36
On the way back to the hotel, Isidro remembered a shorter route that avoided the long loop around town and instead cut through the country, skirting alongside the orange groves that buzzed with workers up in and around the base of the trees. Don Celestino and Socorro held hands but spoke very little along the way. They kept all four windows rolled down in order to stay somewhat cool on what was easily the hottest day of their trip. Then later, when there was another vehicle on the road, usually a truck loaded with oranges, they would quickly roll up the windows on the driver’s side until the dust had settled behind them.
Once they were back in town, Isidro took some of the less-busy streets until he pulled up in front of the jardin. Don Celestino paid him for his services, including a little extra for his efforts in locating the ranchito, and reminded him to come around early in the morning. After stopping for dinner in the same restaurant as the first day, they crossed the street and walked to a pharmacy so Socorro could buy a calling card. Back in the jardin, he waited on a bench near the pay phone while she dialed her mother’s number. The phone was still ringing when she smiled back at him, then cupped a hand over her other ear and turned away to say hello.

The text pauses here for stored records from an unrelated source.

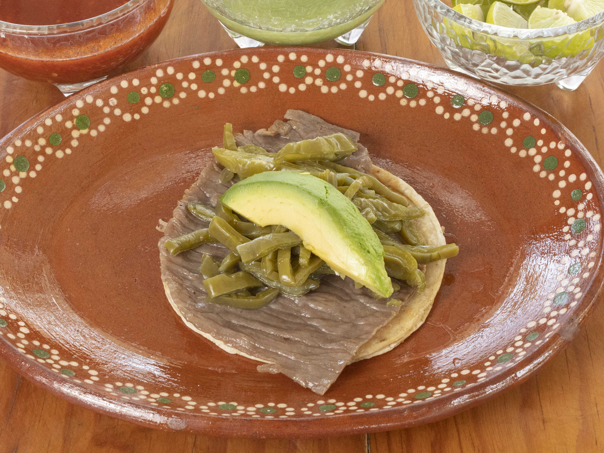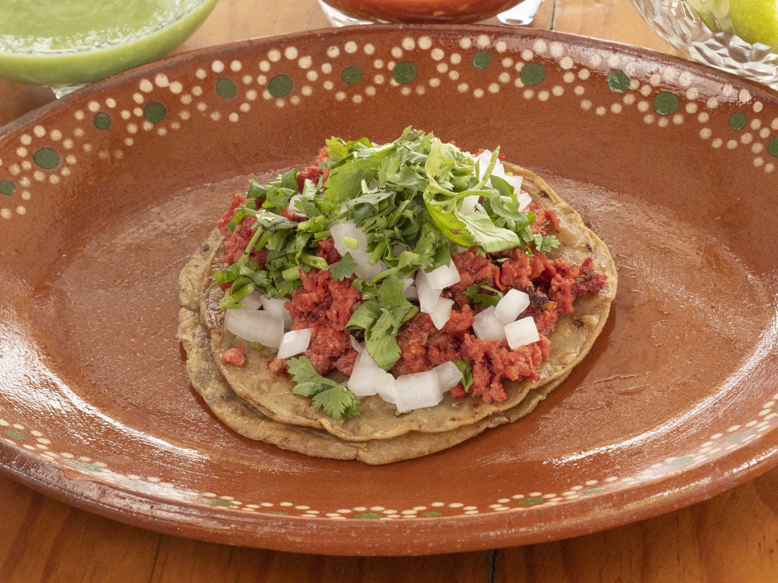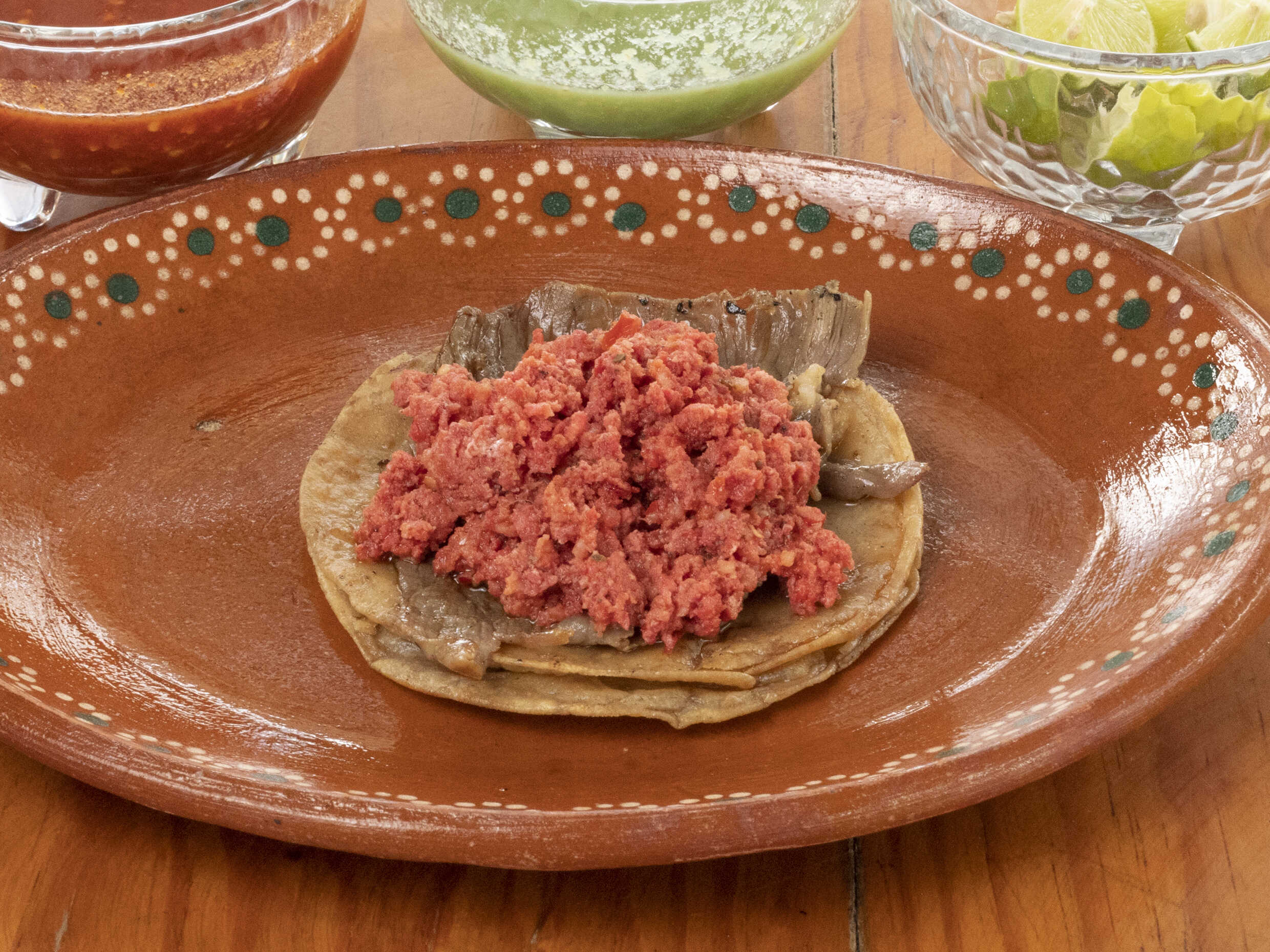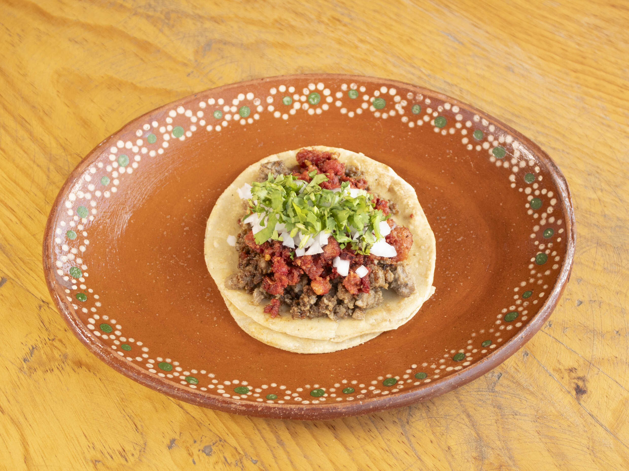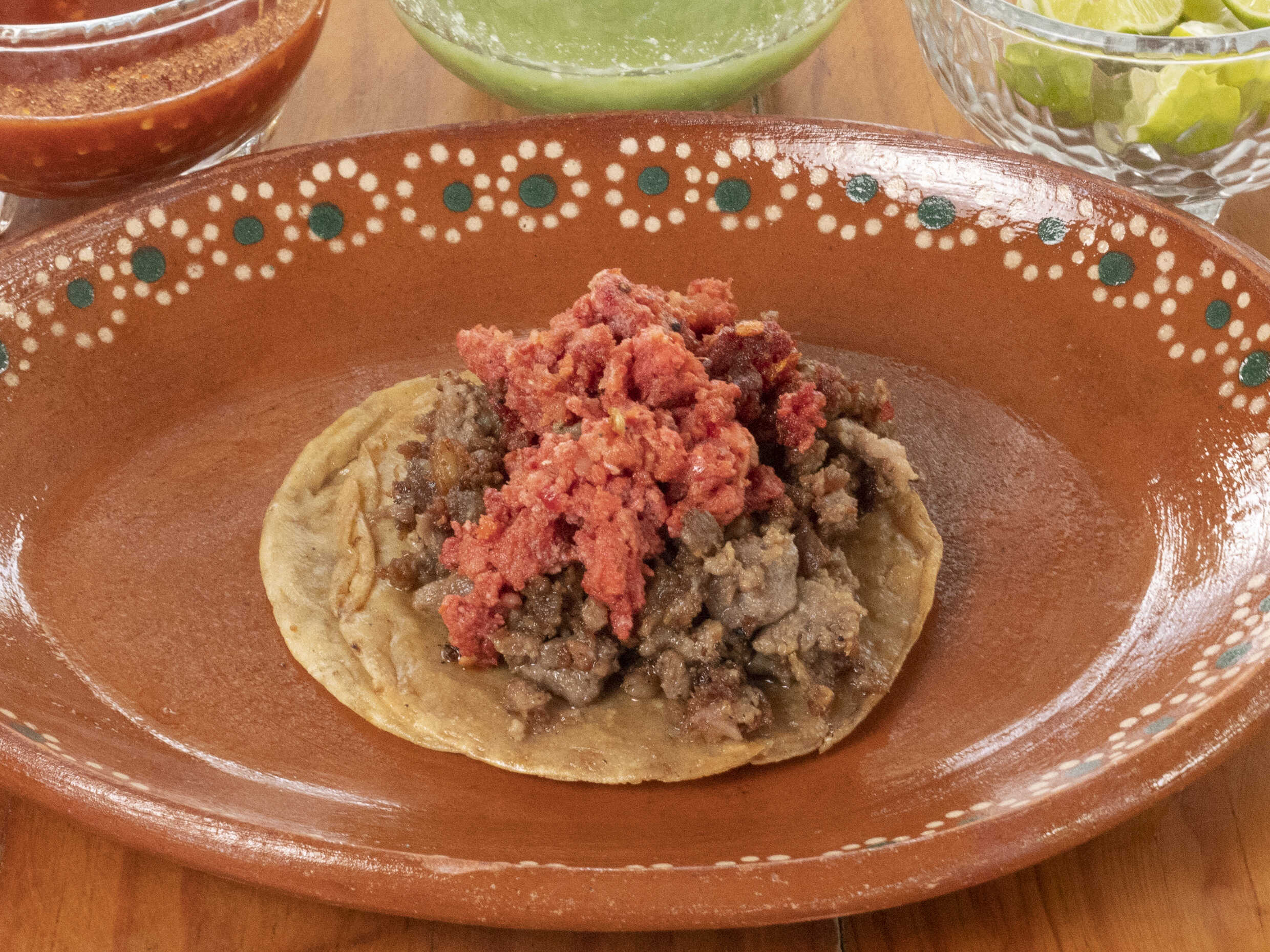 Taco a base de harina de maiz Campechano Cecina con Suadero
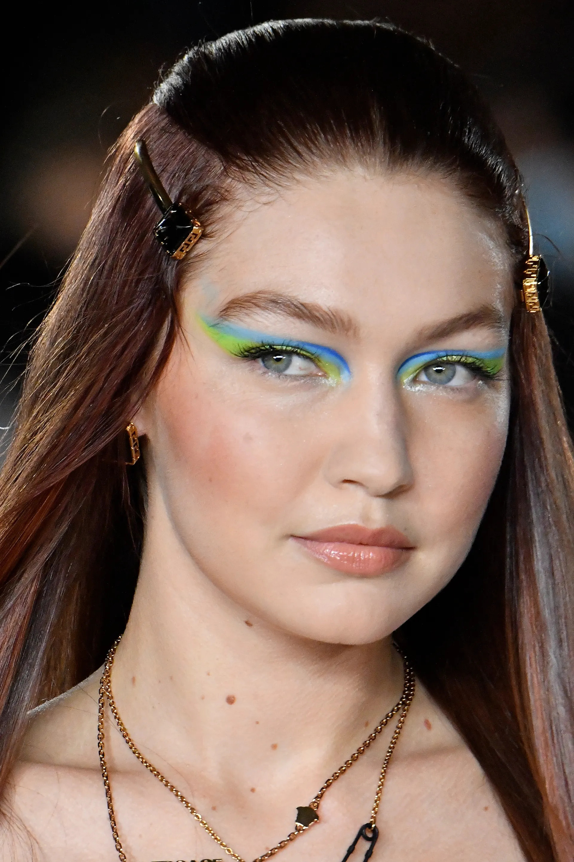 خلال مرورها على منصة عرض دار Versace لخريف وشتاء 2023، تألقت حديد بمكياج خارج عن المألوف. بشرة نضرة ذات اللون الموحد مع آيلاينر عريض جداً ومجنح بطريقة مبالغ فيها، وأحمر شفاه بدرجة من النود اللامع، هكذا خطفت حديد الأنظار.
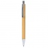 Długopis z serii Eco wykonany z bambusowego korpusu. Elementy metalowe w kolorze srebrnym: przycisk, klips oraz końcówka.
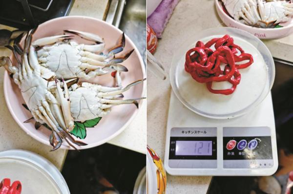 近日,网友“家在江东”通过宁波民生e点通群众留言板发帖反映,鄞州区行知实验小学对面菜市场的海鲜摊位,有售卖绑着红绳的梭子蟹。他买了0.65公斤的梭子蟹,回家一称,绳子就重达0.12公斤,绳重占比高达18.46%。
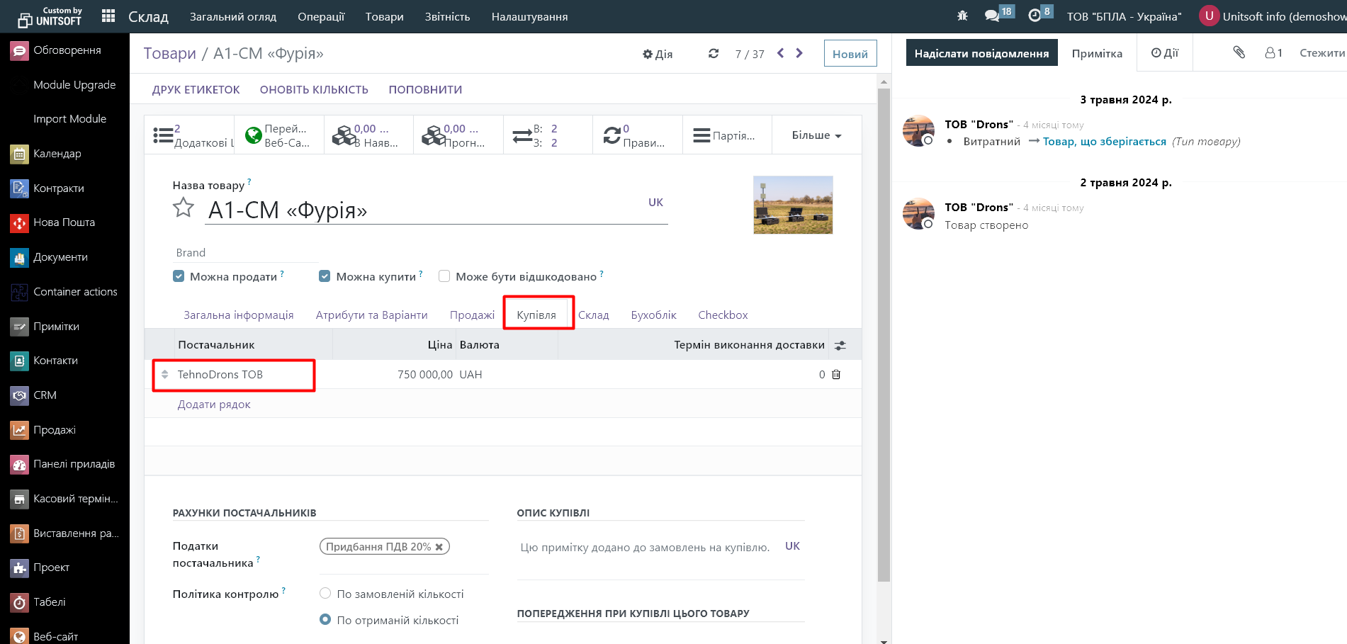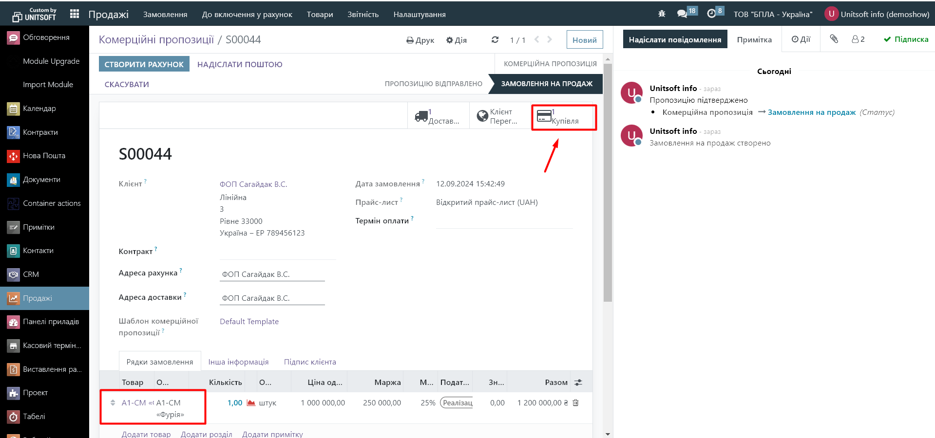 Створюємо замовлення на продаж налаштованого товару. В момент його підтвердження має автоматично згенеруватися замовлення на купівлю в статусі чернетки:
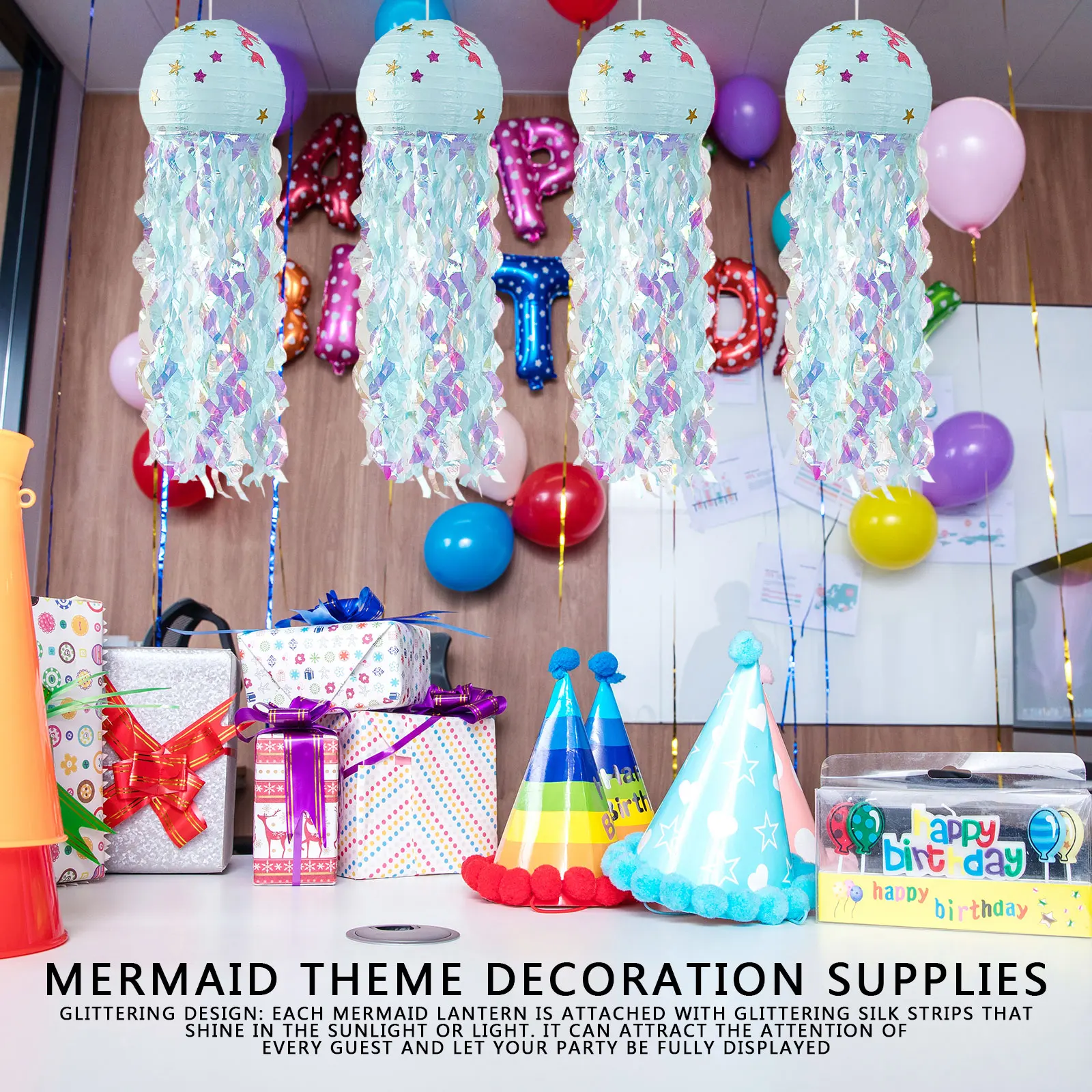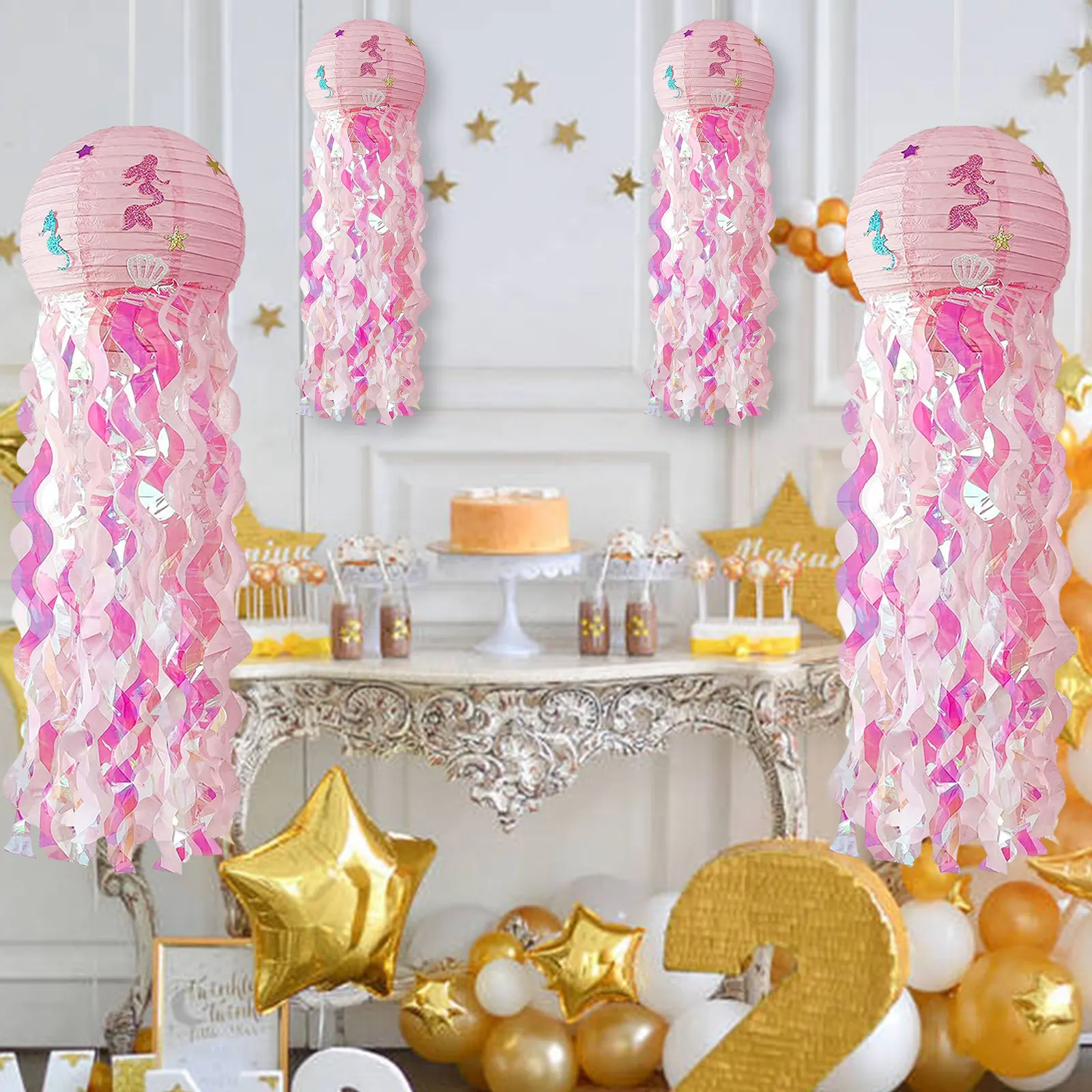 Блестящий дизайн: каждый фонарь русалки прикреплен блестящими шелковыми полосками, которые блестят на солнце или светильник. Это может привлечь внимание каждого гостя и полностью отобразить ваши вечерние часы.

As Don Celestino had missed his afternoon nap, he was having trouble keeping his eyes open. Their visit had lasted much longer than he had imagined it would. The lunch had led to coffee and more talking, mainly between his brother and the old woman. Twice more she invited him to spend the night, forgetting that he had already accepted her offer. Don Celestino finally stood up and excused himself and Socorro, saying they’d be back early tomorrow morning. Now he worried if he had done wrong in leaving his brother out there. If he fell or got sick in the middle of the night, they probably wouldn’t have a doctor nearby. Though his brother wouldn’t need his medicine again until the morning, Don Celestino would have felt better knowing he hadn’t left the pills back at the hotel. They had come all this way with him still healthy, and he could just imagine getting back the next morning and learning that something terrible had happened to him. Then how would he explain it to Amalia? Against your wishes we took your father from the nursing home and went to Mexico, but then left him to spend the night at a ranchito with a confused old woman and her granddaughter, and it just happened that he got sick on us. What did she care about some old promise her father had made to their grandfather a lifetime ago?
“That was fast,” he said when she came back. “Was she mad?”
“She wasn’t the one who answered,” Socorro said, and sat next to him on the bench.
“So you talked with your tía?”
“No, with my brother Marcos. He came to visit the day after we left.”
“And he plans to spend some time with your mother?”
“He said two more days,” she said, “but that before he leaves he wants to meet you.”